Laster’s designs layered onto the photographic image seem to be an attempt to obscure by creating decorative pattern from the process of the alteration. In “The Palace At 4 A.M.” an Edward Weston coiled nude is covered with puzzle strips of lightly colored tape while in “Birthday” an intense young man is blotted out with tape covered in crayon colored circles of different sizes. Heavily conceptual, the work’s most interesting visual contradiction is the way the dots and tight patterning dominate the image and cancel out the transparency of the tape.

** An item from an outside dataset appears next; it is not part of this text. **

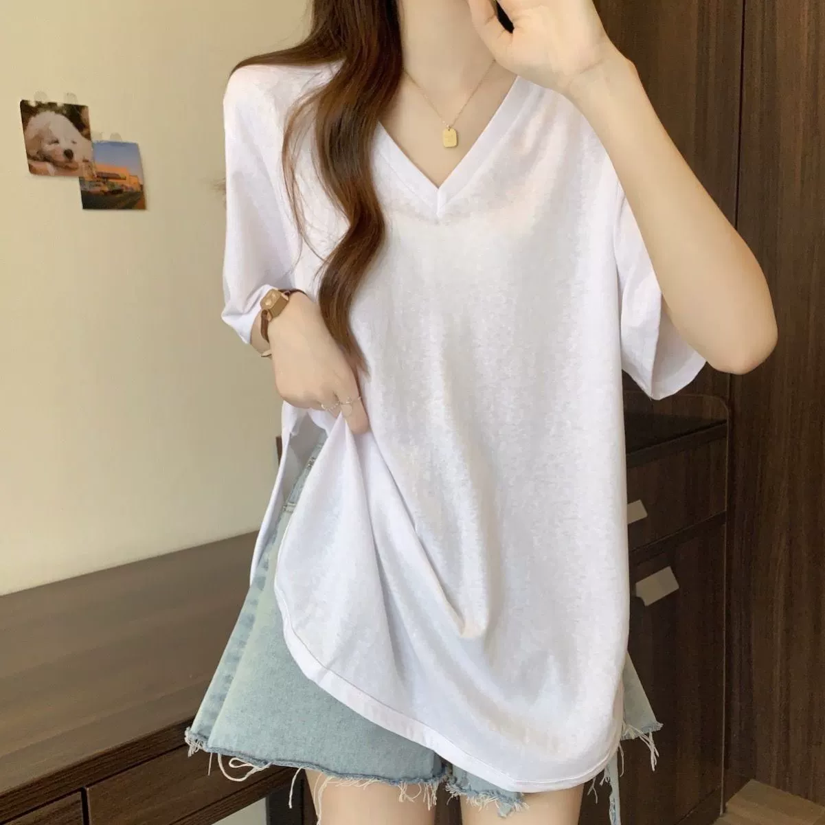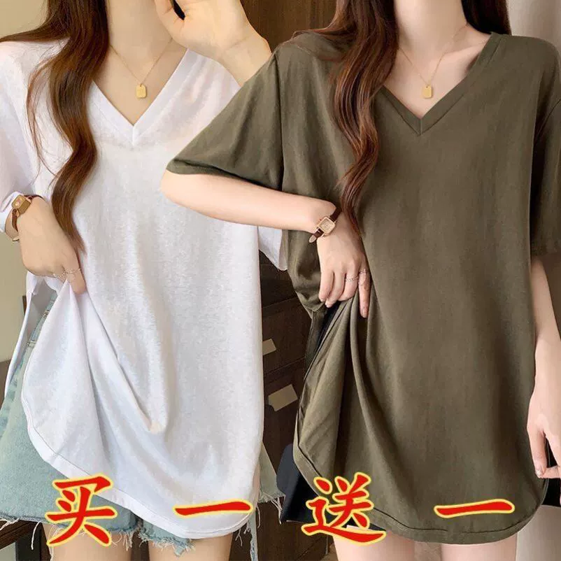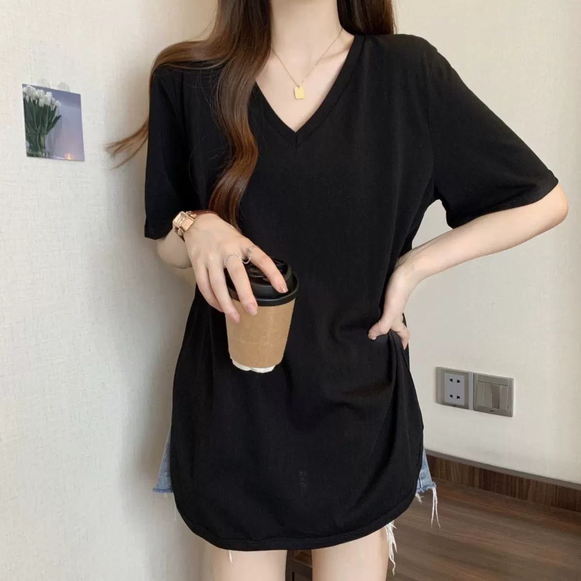 | nameOriginal | V-neck large size right shoulder fat mm slit loose flesh-covering T-shirt |

In the back gallery is a small array of some of Charles Eames furniture that used plywood as a functional but aesthetic material while pushing design into the nitty gritty world of industrial production in the 1940s. The designs still feel as utilitarian and comfortably uncomplicated as they did back when they occupied so many middle class homes and offices. It is a tribute to Eames’ design parameters that the economy and practicality of the pieces has kept them in mass distribution so long and only now are they becoming collectors items. (Of the several objects presented, a lounger and dining chair are still in production). But Eames’ undulating plywood “potato chip” chairs and his easy-to-stack, fiberglass “bucket” seats are still a part of the American psyche. Scattered throughout airports, government buildings and schools, they remain an apt description of America’s need for streamlined, economical, functional design after World War II. (Pence Gallery, 908 Colorado Ave., to April 1.)